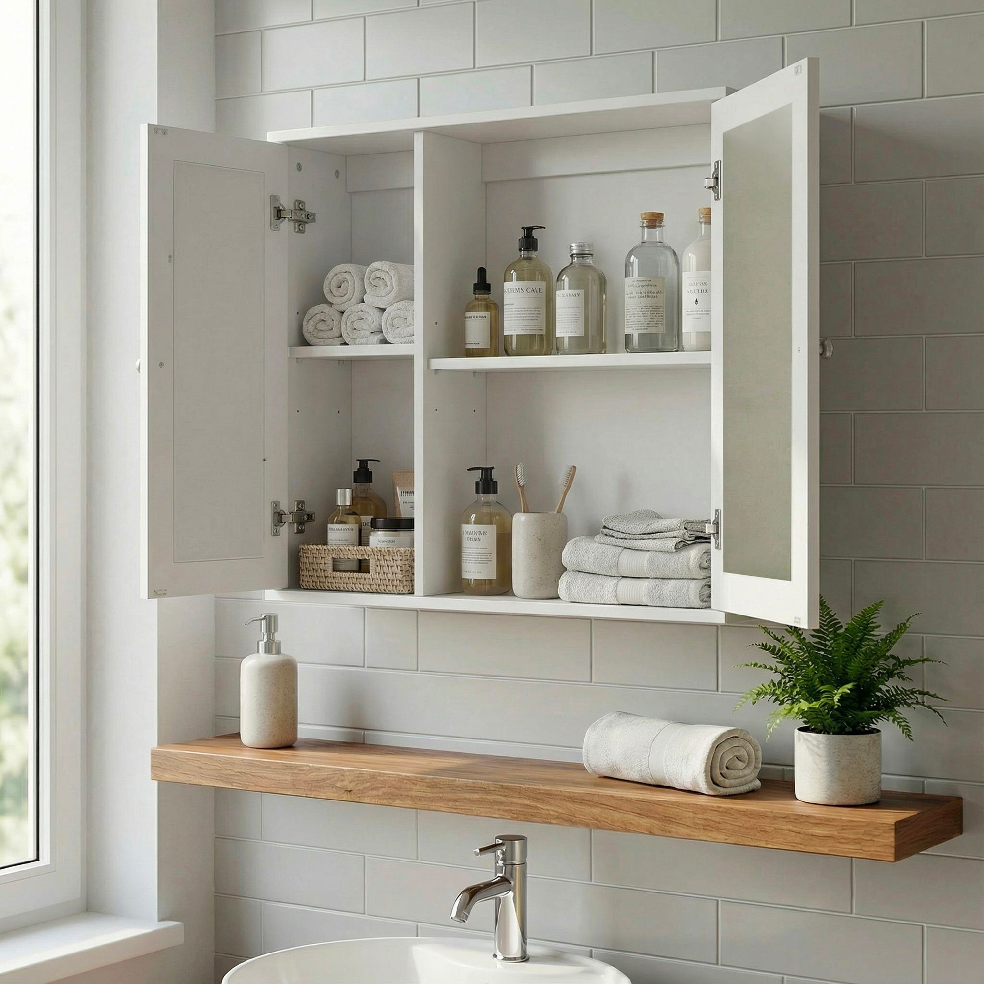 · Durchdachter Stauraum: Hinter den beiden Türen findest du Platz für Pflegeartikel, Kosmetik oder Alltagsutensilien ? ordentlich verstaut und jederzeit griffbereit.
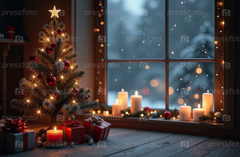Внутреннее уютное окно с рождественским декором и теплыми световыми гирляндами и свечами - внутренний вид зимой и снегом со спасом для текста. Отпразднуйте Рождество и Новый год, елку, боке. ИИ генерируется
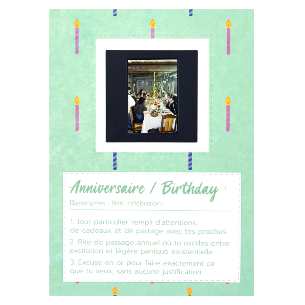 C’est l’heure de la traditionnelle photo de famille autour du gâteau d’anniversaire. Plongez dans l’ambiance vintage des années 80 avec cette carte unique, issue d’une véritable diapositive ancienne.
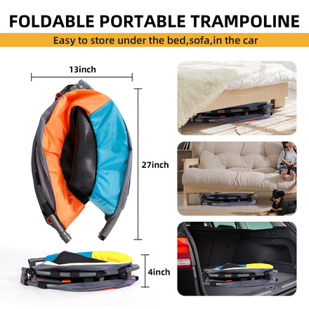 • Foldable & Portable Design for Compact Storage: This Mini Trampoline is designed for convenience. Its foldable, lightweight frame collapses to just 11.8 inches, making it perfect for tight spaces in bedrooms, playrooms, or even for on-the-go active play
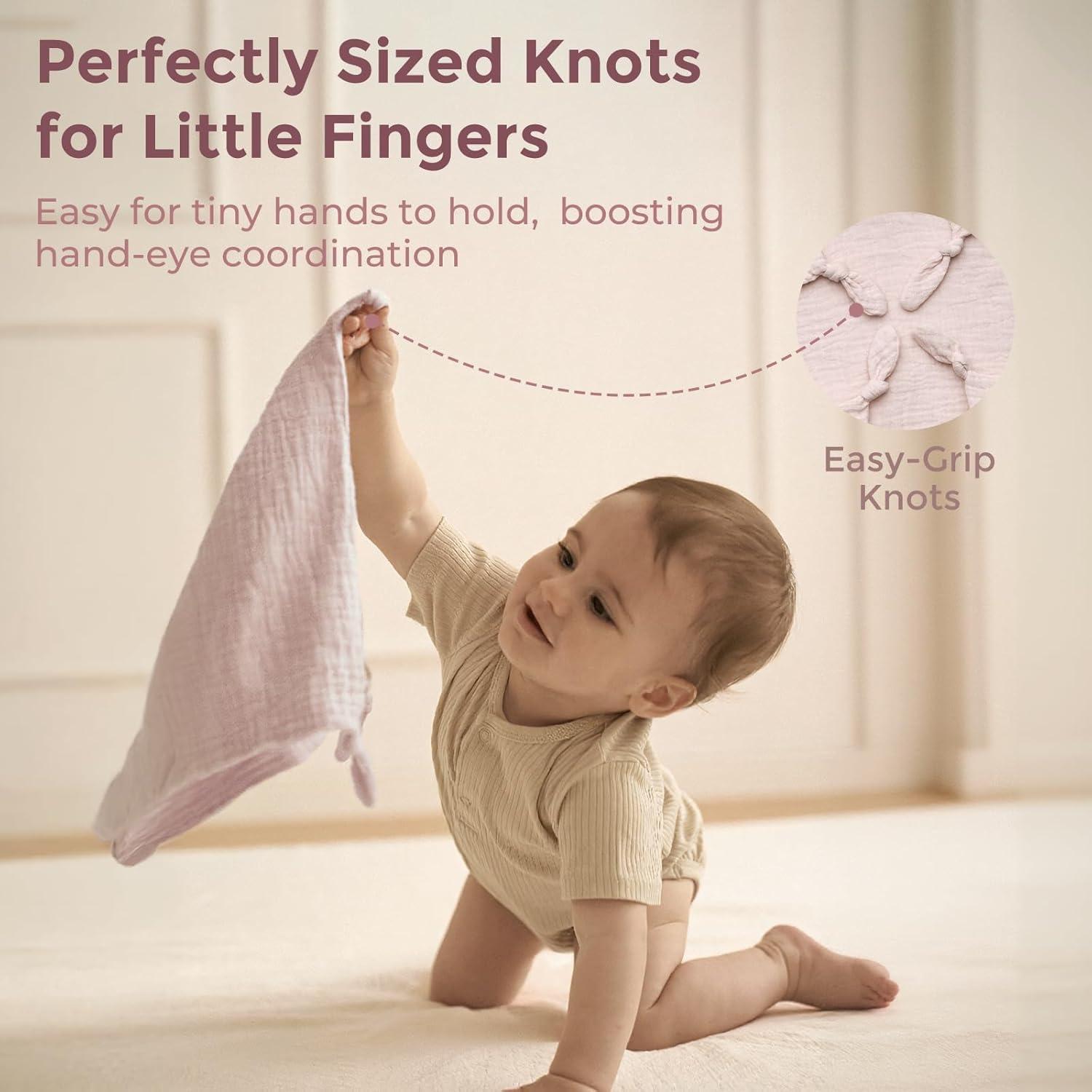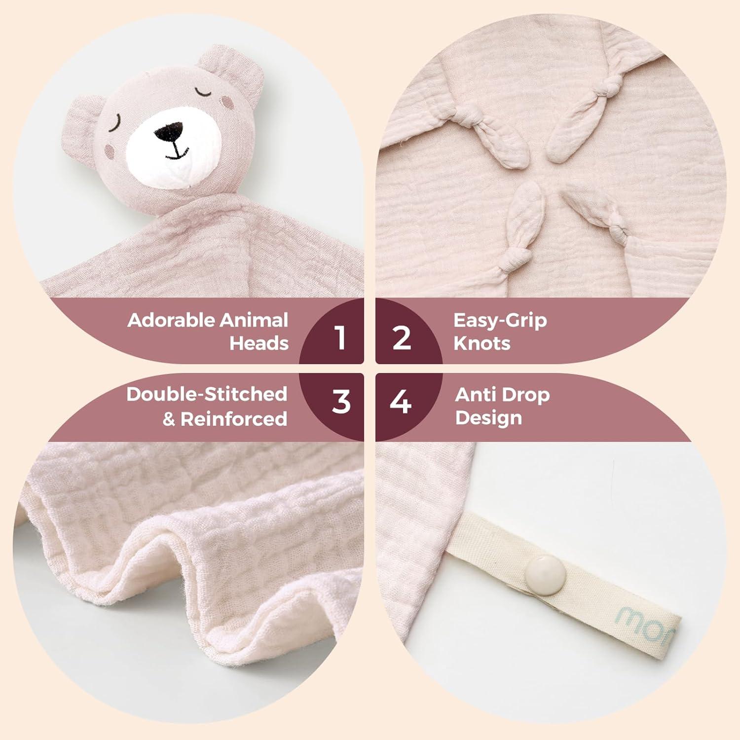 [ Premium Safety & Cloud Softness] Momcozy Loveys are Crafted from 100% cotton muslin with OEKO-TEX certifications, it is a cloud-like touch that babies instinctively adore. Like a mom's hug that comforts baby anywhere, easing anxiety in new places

┄┄┄┄┄┄┄┄┄┄┄┄┄┄┄┄┄┄┄┄

== WORK TASK ==
Make an exact copy of the lines from the top of the material through the line with "Внутреннее уютное окно", pictures excluded.

== SOLUTION TO THE PROBLEM ==
 · Durchdachter Stauraum: Hinter den beiden Türen findest du Platz für Pflegeartikel, Kosmetik oder Alltagsutensilien ? ordentlich verstaut und jederzeit griffbereit.
Внутреннее уютное окно с рождественским декором и теплыми световыми гирляндами и свечами - внутренний вид зимой и снегом со спасом для текста. Отпразднуйте Рождество и Новый год, елку, боке. ИИ генерируется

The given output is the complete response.